Wednesday, 8 March 2017
1493 Lewis Harcourt
Constituency : Rossendale 1904-17
Lewis retained Rossendale for the Liberals after the resignation of Sir William Mather. I didn't have to look up the dates for his tenure as Lewis is the first of a cluster of MPs that featured in my dissertation at University.
Lewis was the only son of William Harcourt to survive infancy. was in delicate health as a boy and father and son had a very close relationship, Lewis's mother having died soon after his birth. He was educated at Eton. The family estates enabled him to be a full time politician. He served as his father's private secretary and became known as a great intriguer and wirepuller on his father's behalf. He helped keep his father in the Liberal Party in 1886. He acquired the unflattering nickname of "Loulou". He tried to secure his father's accession to the leadership in 1894 earning only the lifelong enmity of Rosebery. He was a loyal supporter of Campbell-Bannerman after his father resigned the Commons leadership .His father's failing health in 1904 prompted him to enter Parliament himself.
Campbell-Bannerman made him First Commissioner of Works and admitted him to the Cabinet in 1907. Lewis made notes during Cabinet meetings in defiance of convention and Asquith's express instructions. He and Asquith were near neighbours in Oxfordshire and held similar opinions most notably on female suffrage. .Despite claiming Radical credentials he disliked and obstructed many of the provisions in the People's Budget.
In 1910 he became Colonial Secretary. He upset George V with his strident tone during the Home Rule crisis. A new port in Nigeria was named after him in 1912.

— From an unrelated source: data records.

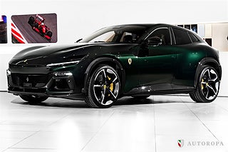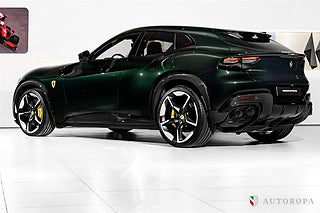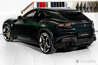 EXTRAUTRUSTNING:,Ferrari Purosangue -25, Verde Zeltweg special paint with Cioccolato interior, Fully specified as per standard spec on the Purosangue model, Additional options to this order, Giallo Modena brake calipers, Forged rims in diamond matt finish, Wheel arch in carbon fibre, Carbon fibre sill kicks, Carbon fibre side skirts, Carbon fibre diffuser, Black ceramic exhaust pipes, Italian flagg, Carbon fibre front spoiler, Privacy windows, Titanium wheel bolts, Scuderia Ferrari shields, Panoramic roof, Carbon fibre steering wheel, Embroidered log on rear wall, Horse stitched on headrests in Giallo, Aluminium footrest, Yellow rev counter, Contrast stitching in Giallo, Upper area in Nero leather, Mats with logo stitched, Full ppf, Ferrari new car warranty and possibility to add Ferrari Approved warranty, Part of 7 years free maintenance program, The car is on our showroom at Testvägen 18 Arlöv and ready for delivery, Please call or e-mail for more information.,
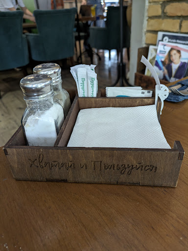 My favorite café in Tashkent due to some reasons: 1)Super friendly staff ,always positive 2) delicious! Everything I've tried here tastes super and looks nice. 3)Cozy interior,pleasant music(!!) and nice lighting. Both outside and inside feels cozy 4) DETAILS! Funny writings on sugar,on walls ,funny menu,nice tableware and ,of course ,pillows. Toilet deserves special compliment. Cool idea! 5) Good variety of dishes and drinks Not soo much but for me it's better less,but worthy. There is even hookah in the menu 6) Affordable prices. And price=quality. It's VERY RARE in Tashkent !!!! I think it's one of the biggest Pros of Podushechnaya! P.S. I love breakfast offers and salads here. Matcha tastes also amazing (rare in Tashkent). Syrniki taste also amazing! I recommend you to put some detox drinks and maybe put avocado in fish sandwiches (even if...
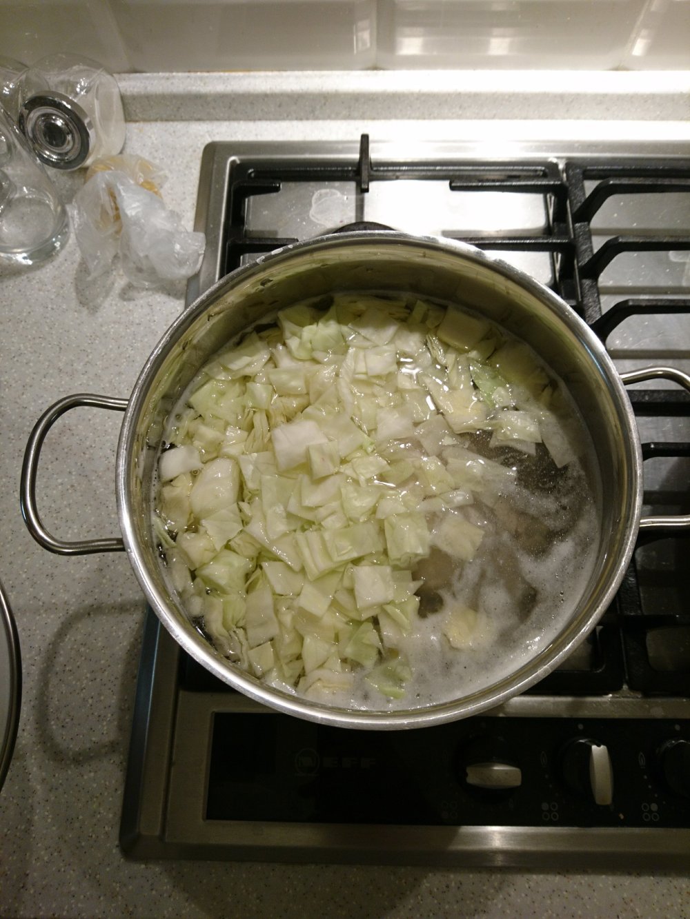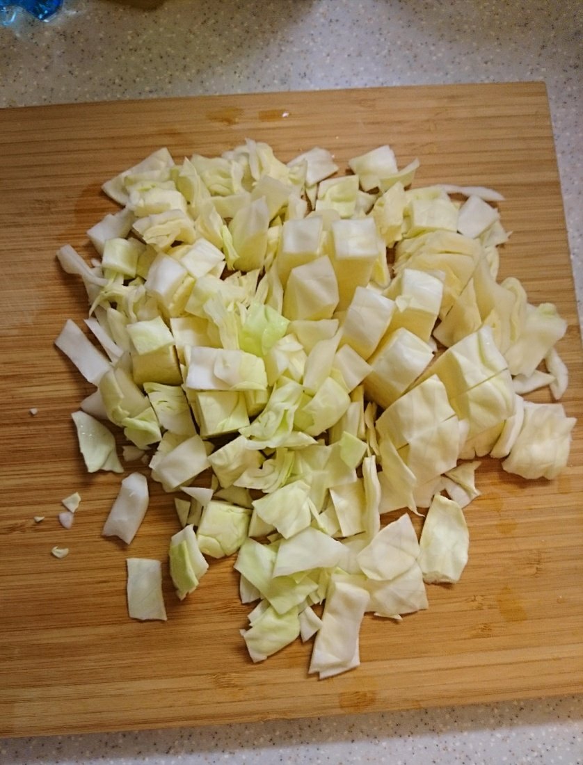 2) Troceamos la Col y la ponemos a cocer, es la verdura mas dura… el repollo es mas blandito…

That year, Charles Hobhouse wrote of him "Harcourt has many attractive qualities : charming manners when he likes, a temper under good control , a hard worker but no one trusts him and everyone thinks that language is only employed by him to conceal his thought." Three years later he added "subtle, secretive and adroit and not very reliable or au fond courageous, does not interfere often in discussion but is fond of conversing with the P.M. in undertones".
Lewis initially supported British neutrality in World War One but was won round to Asquith's position.
When Asquith formed his coalition with the Tories, Lewis went back to being First Commissioner Of Works. He told Asquith he would not accept the Home Office when Simon resigned over conscription.
Lewis resigned along with Asquith in 1916 not least because his health was suffering after a decade in office. The following year was elevated to the peerage as Viscount Harcourt. Like Asquith he now accepted the inevitability of female suffrage.
Lewis was a trustee of the British Museum and the National Portrait Gallery. He enjoyed photography and gardening.
In a book in 1995 the gay former Tory MP and political columnist Matthew Parris claimed that Lewis was known to be a paedophile but protected by society up until 1921 when an incident became known to the police . He claims that Lewis's death in 1922 , aged 59, by accidental overdose, was actually a suicide that was hushed up by his friends. There was no hint of any of this in the Harcourt papers deposited in the Bodleian Library when I examined them in 1906.
In 2014 some of his diary extracts were included in a book about the causes of Britain's involvement in the First World War.